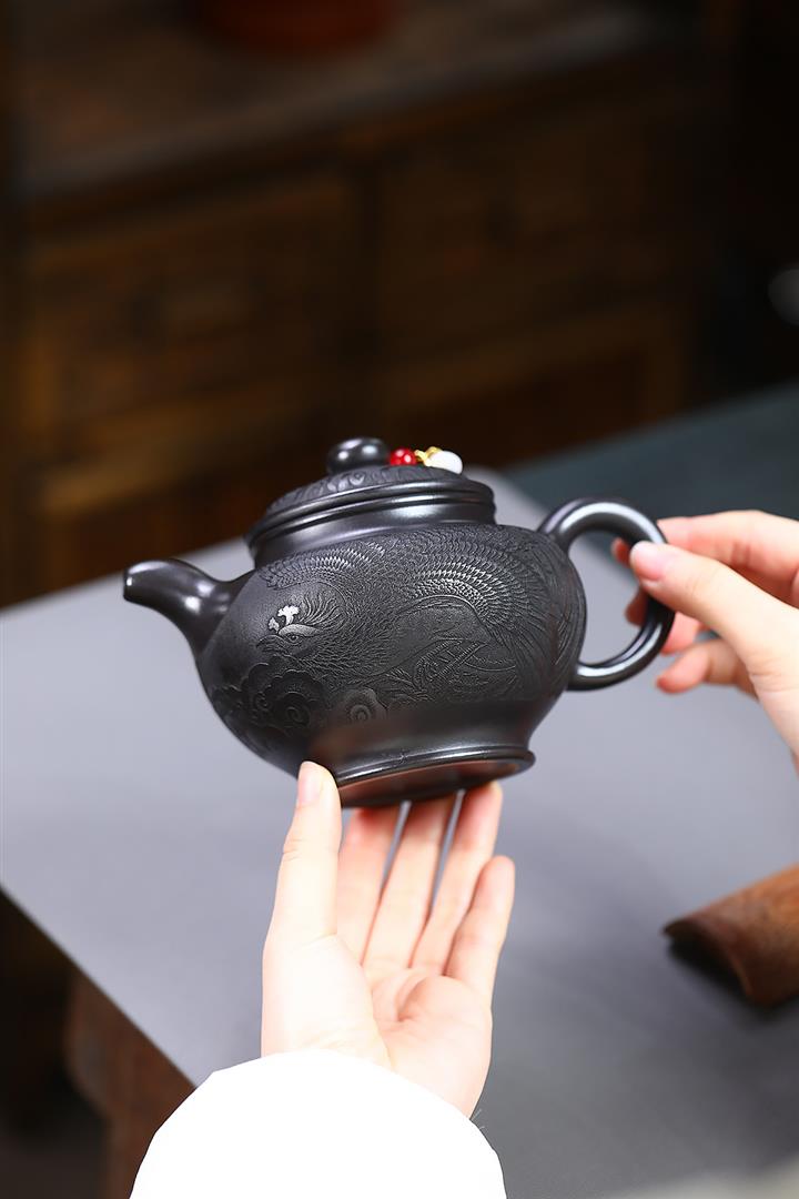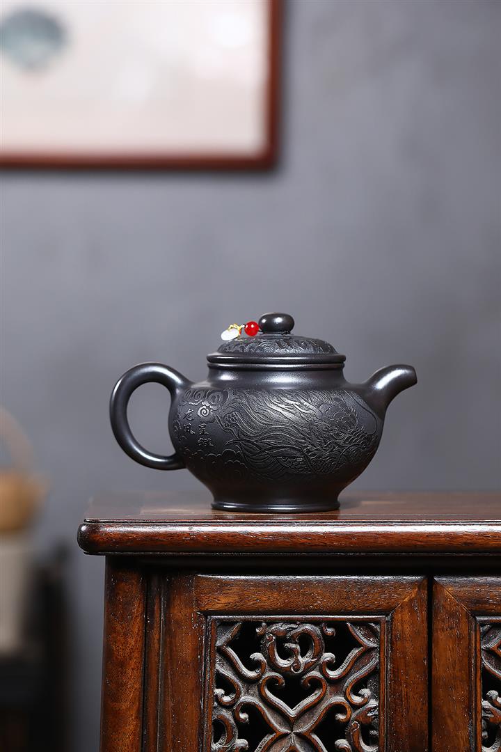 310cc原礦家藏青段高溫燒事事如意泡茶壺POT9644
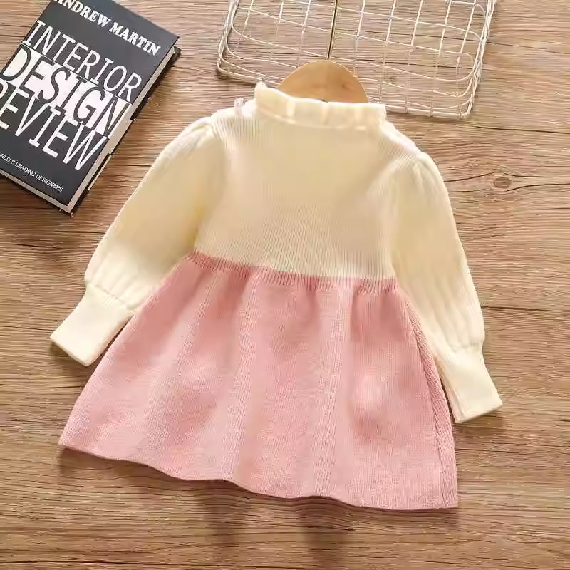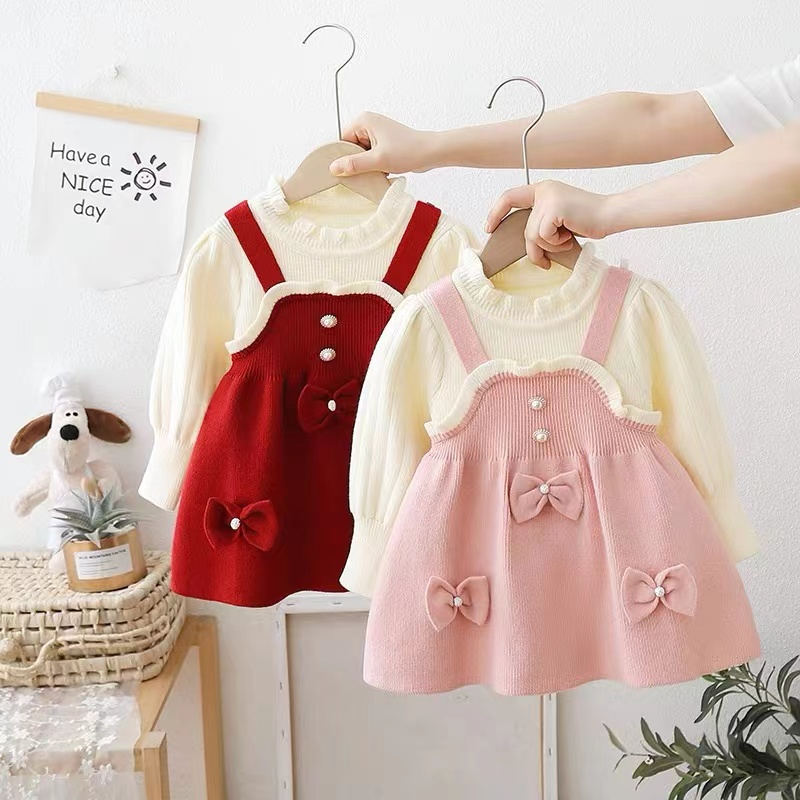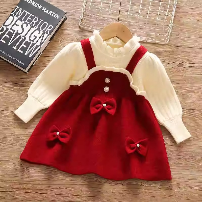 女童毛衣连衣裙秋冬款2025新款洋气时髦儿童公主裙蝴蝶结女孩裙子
• • •
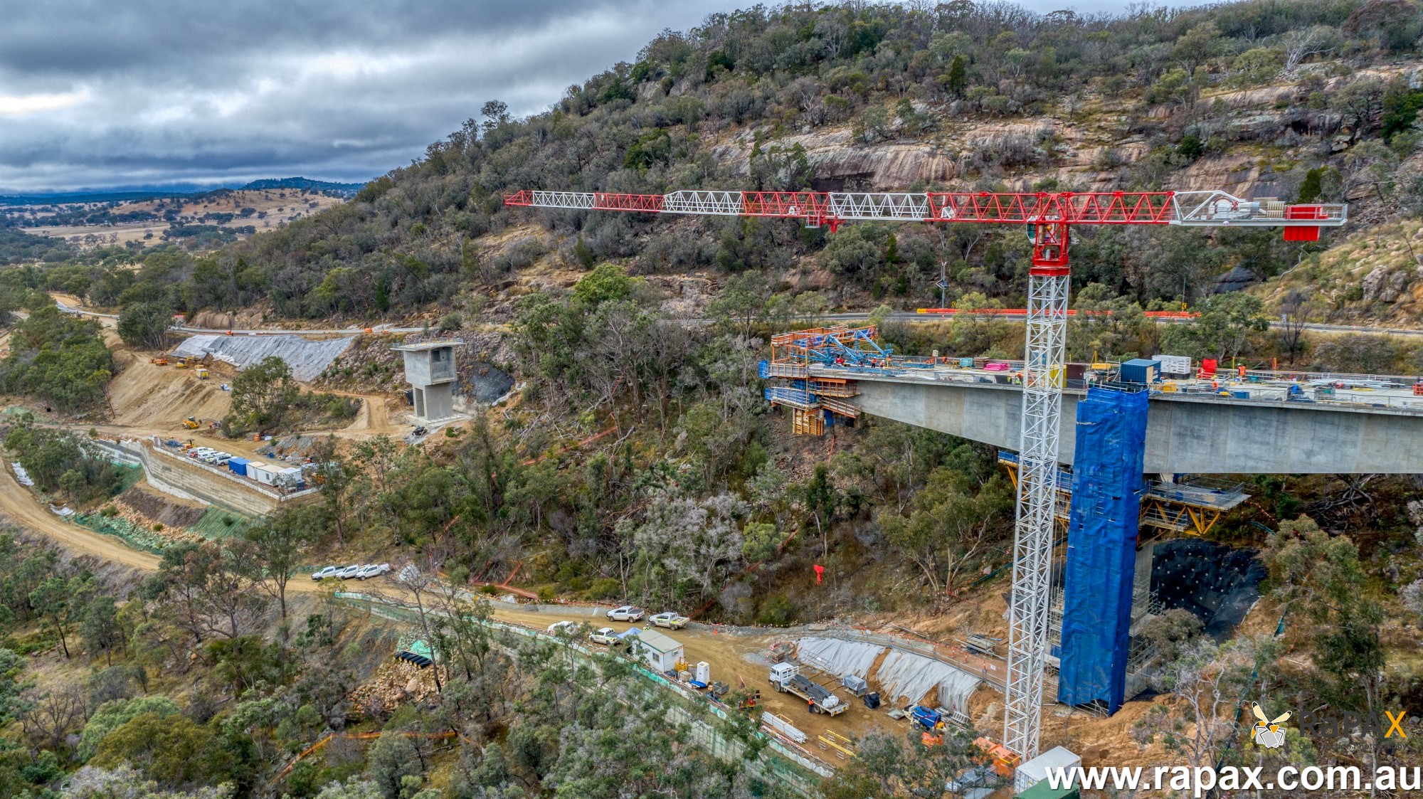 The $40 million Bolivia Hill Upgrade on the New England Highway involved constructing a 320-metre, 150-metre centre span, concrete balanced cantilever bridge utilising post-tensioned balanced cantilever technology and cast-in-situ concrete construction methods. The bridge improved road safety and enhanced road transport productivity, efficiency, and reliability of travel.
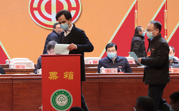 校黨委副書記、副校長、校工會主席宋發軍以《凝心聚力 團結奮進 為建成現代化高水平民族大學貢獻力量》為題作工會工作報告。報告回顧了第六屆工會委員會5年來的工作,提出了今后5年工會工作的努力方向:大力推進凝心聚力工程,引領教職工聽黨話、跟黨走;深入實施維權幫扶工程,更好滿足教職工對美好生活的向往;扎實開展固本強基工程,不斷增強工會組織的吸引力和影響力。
• • •
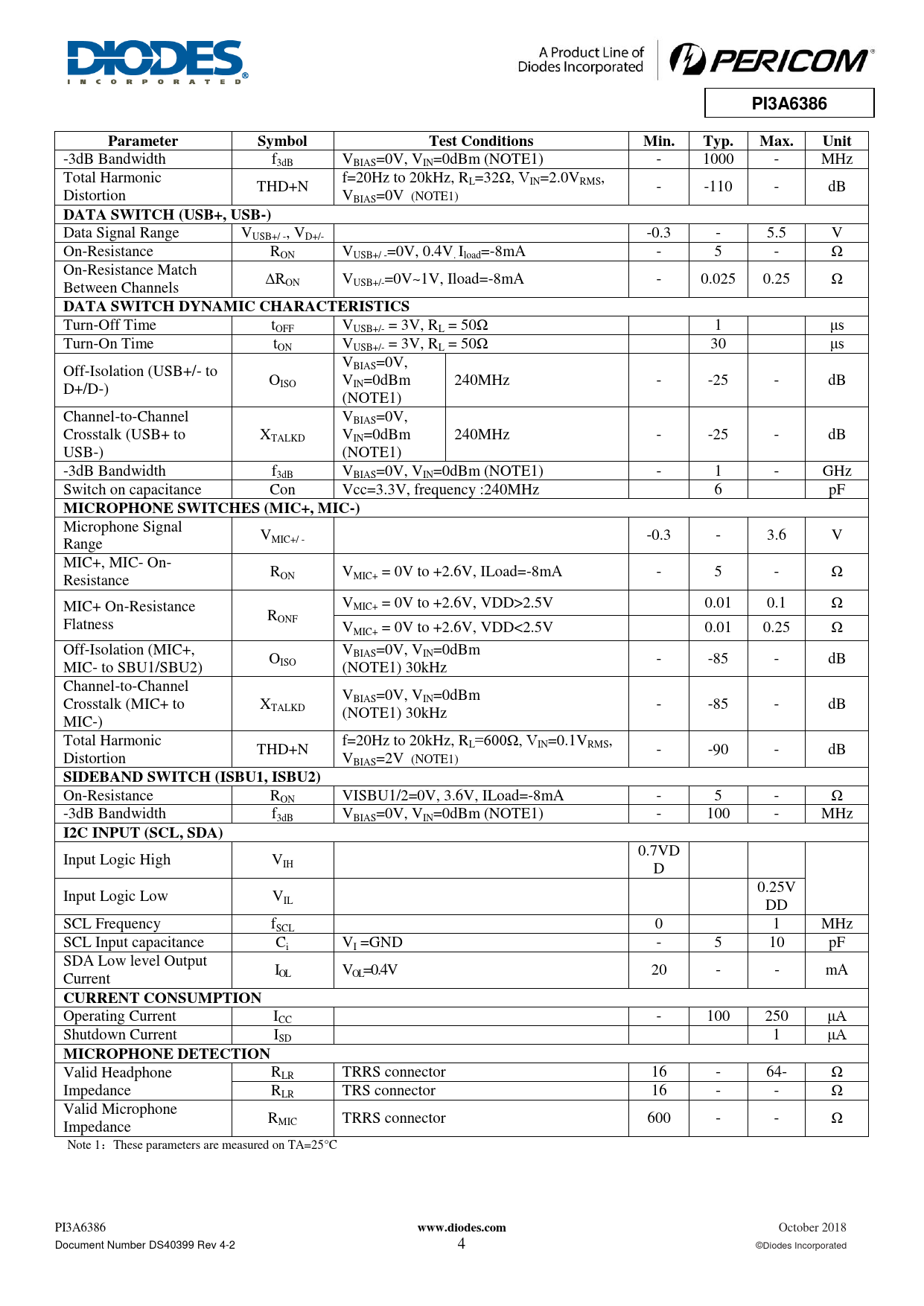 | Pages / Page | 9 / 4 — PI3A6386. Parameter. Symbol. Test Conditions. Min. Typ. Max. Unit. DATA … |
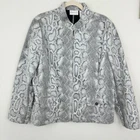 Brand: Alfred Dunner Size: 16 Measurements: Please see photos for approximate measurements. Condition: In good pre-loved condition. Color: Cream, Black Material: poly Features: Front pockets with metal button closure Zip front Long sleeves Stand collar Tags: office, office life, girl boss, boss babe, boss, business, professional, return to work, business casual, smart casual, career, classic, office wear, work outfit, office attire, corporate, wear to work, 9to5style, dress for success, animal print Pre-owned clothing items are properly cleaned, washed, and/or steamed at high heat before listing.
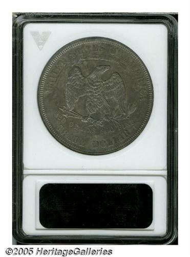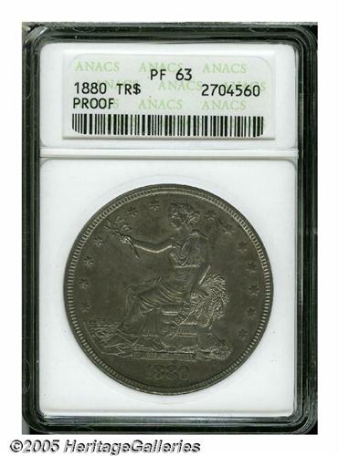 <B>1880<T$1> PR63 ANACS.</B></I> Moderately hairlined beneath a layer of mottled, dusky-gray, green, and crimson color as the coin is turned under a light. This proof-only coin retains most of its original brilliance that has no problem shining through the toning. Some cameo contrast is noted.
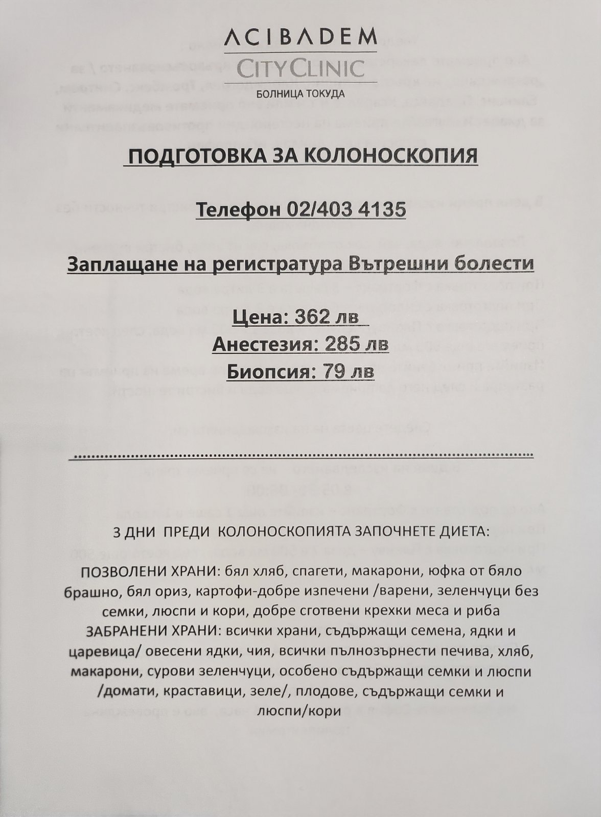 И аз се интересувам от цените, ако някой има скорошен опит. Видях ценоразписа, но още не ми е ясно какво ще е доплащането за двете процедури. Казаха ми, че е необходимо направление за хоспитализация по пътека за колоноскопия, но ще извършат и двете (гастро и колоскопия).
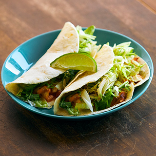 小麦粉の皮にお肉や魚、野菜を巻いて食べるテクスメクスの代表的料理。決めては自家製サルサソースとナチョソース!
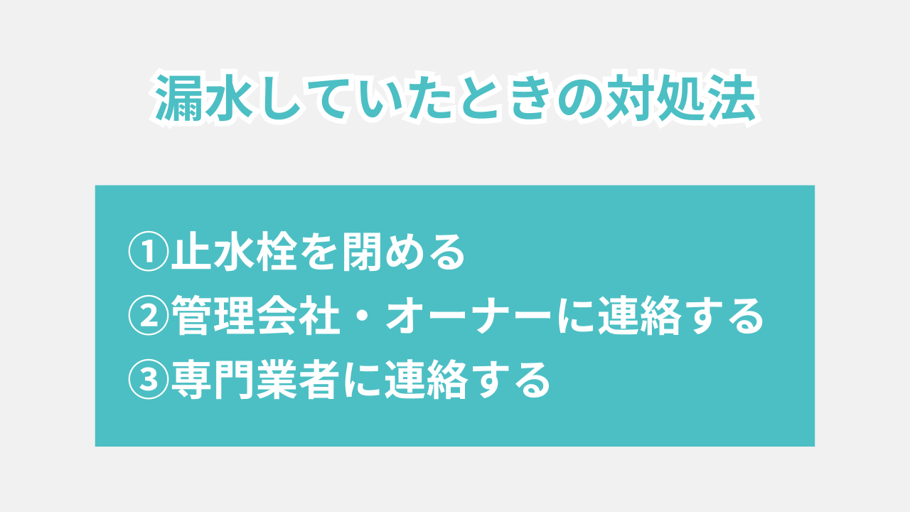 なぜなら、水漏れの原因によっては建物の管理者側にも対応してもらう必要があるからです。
• • •
> [What you should do] From the data above, return exactly the lines from the one with "310cc原礦家藏青段高溫燒事事如意泡茶壺POT9644" up to and including the one with "女童毛衣连衣裙秋冬款2025新款洋气时髦儿童公主裙蝴蝶结女孩裙子". Pictures do not go in the copy.

> [Response to the task]
 310cc原礦家藏青段高溫燒事事如意泡茶壺POT9644
 女童毛衣连衣裙秋冬款2025新款洋气时髦儿童公主裙蝴蝶结女孩裙子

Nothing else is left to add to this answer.